» **What you have to do**: Beginning with the line that has "明确任务 推动学校事业高水平发展》的主题报告精神和中干会总结讲话精神。易敏利重点传达了校长、党委副书记卓志《站高谋远 聚智聚力" and ending with the line that has "Теплый, солнечный и", retype the entries below exactly, except for the pictures.

Raw data below:

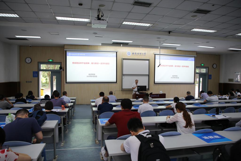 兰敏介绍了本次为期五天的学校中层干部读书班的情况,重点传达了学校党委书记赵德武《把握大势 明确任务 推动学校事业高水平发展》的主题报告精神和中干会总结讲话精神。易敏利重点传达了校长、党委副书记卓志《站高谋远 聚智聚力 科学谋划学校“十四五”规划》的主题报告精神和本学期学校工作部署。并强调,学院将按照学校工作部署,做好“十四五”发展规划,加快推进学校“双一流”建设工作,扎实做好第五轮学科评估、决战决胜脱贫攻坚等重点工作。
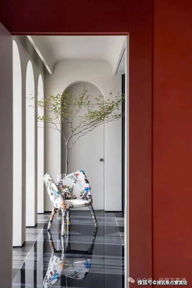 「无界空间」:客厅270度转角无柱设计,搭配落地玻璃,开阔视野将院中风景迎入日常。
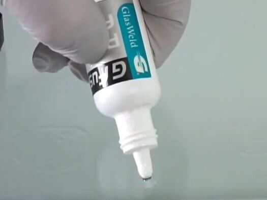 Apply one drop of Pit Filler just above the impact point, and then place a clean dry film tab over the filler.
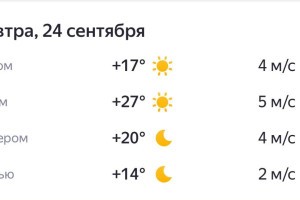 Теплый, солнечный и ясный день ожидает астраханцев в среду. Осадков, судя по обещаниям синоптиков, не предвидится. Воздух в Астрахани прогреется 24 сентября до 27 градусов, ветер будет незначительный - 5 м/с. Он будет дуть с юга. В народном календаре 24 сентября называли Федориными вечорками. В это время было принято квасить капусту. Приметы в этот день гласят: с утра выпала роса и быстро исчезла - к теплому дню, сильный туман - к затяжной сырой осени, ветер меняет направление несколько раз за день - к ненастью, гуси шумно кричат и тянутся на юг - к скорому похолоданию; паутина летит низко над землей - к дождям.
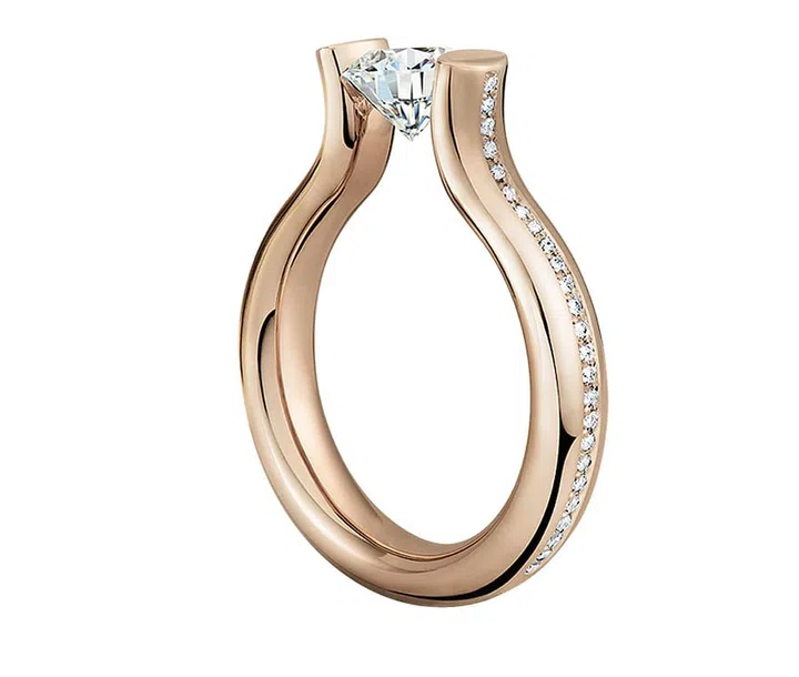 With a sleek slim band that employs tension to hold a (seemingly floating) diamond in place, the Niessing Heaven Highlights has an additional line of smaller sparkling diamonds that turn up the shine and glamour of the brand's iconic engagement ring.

End of Raw data.
Raw data below:

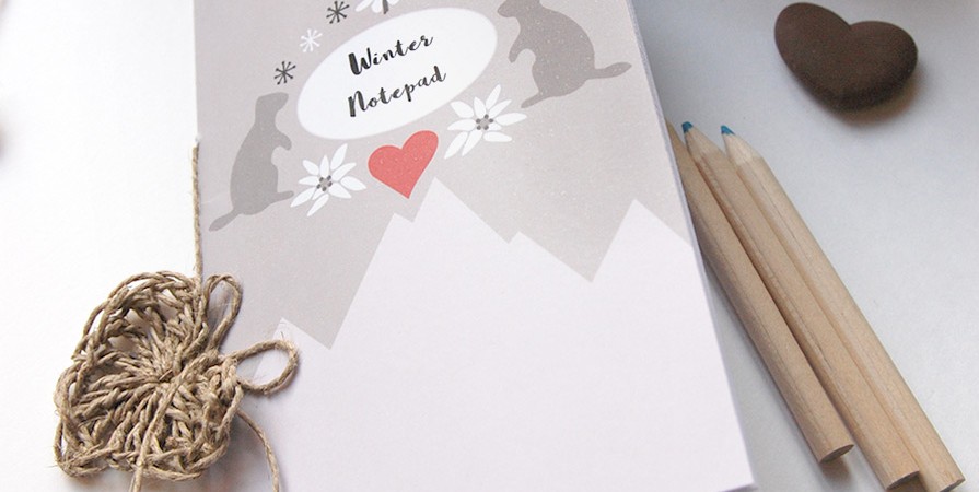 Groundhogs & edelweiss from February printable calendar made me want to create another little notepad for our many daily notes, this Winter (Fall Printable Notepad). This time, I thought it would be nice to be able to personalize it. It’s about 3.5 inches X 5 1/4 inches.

End of Raw data.
Raw data below:

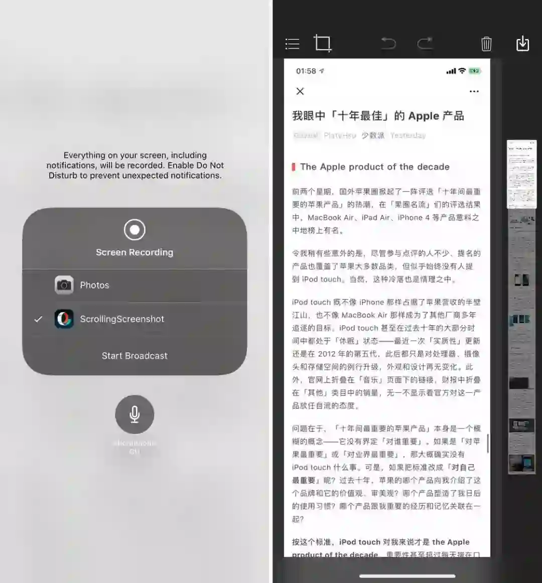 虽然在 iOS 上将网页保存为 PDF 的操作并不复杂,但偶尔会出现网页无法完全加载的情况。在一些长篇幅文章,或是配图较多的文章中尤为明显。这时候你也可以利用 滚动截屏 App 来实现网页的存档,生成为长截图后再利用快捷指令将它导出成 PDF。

End of Raw data.

» **Result for this exercise**:
 兰敏介绍了本次为期五天的学校中层干部读书班的情况,重点传达了学校党委书记赵德武《把握大势 明确任务 推动学校事业高水平发展》的主题报告精神和中干会总结讲话精神。易敏利重点传达了校长、党委副书记卓志《站高谋远 聚智聚力 科学谋划学校“十四五”规划》的主题报告精神和本学期学校工作部署。并强调,学院将按照学校工作部署,做好“十四五”发展规划,加快推进学校“双一流”建设工作,扎实做好第五轮学科评估、决战决胜脱贫攻坚等重点工作。
 「无界空间」:客厅270度转角无柱设计,搭配落地玻璃,开阔视野将院中风景迎入日常。
 Apply one drop of Pit Filler just above the impact point, and then place a clean dry film tab over the filler.
 Теплый, солнечный и ясный день ожидает астраханцев в среду. Осадков, судя по обещаниям синоптиков, не предвидится. Воздух в Астрахани прогреется 24 сентября до 27 градусов, ветер будет незначительный - 5 м/с. Он будет дуть с юга. В народном календаре 24 сентября называли Федориными вечорками. В это время было принято квасить капусту. Приметы в этот день гласят: с утра выпала роса и быстро исчезла - к теплому дню, сильный туман - к затяжной сырой осени, ветер меняет направление несколько раз за день - к ненастью, гуси шумно кричат и тянутся на юг - к скорому похолоданию; паутина летит низко над землей - к дождям.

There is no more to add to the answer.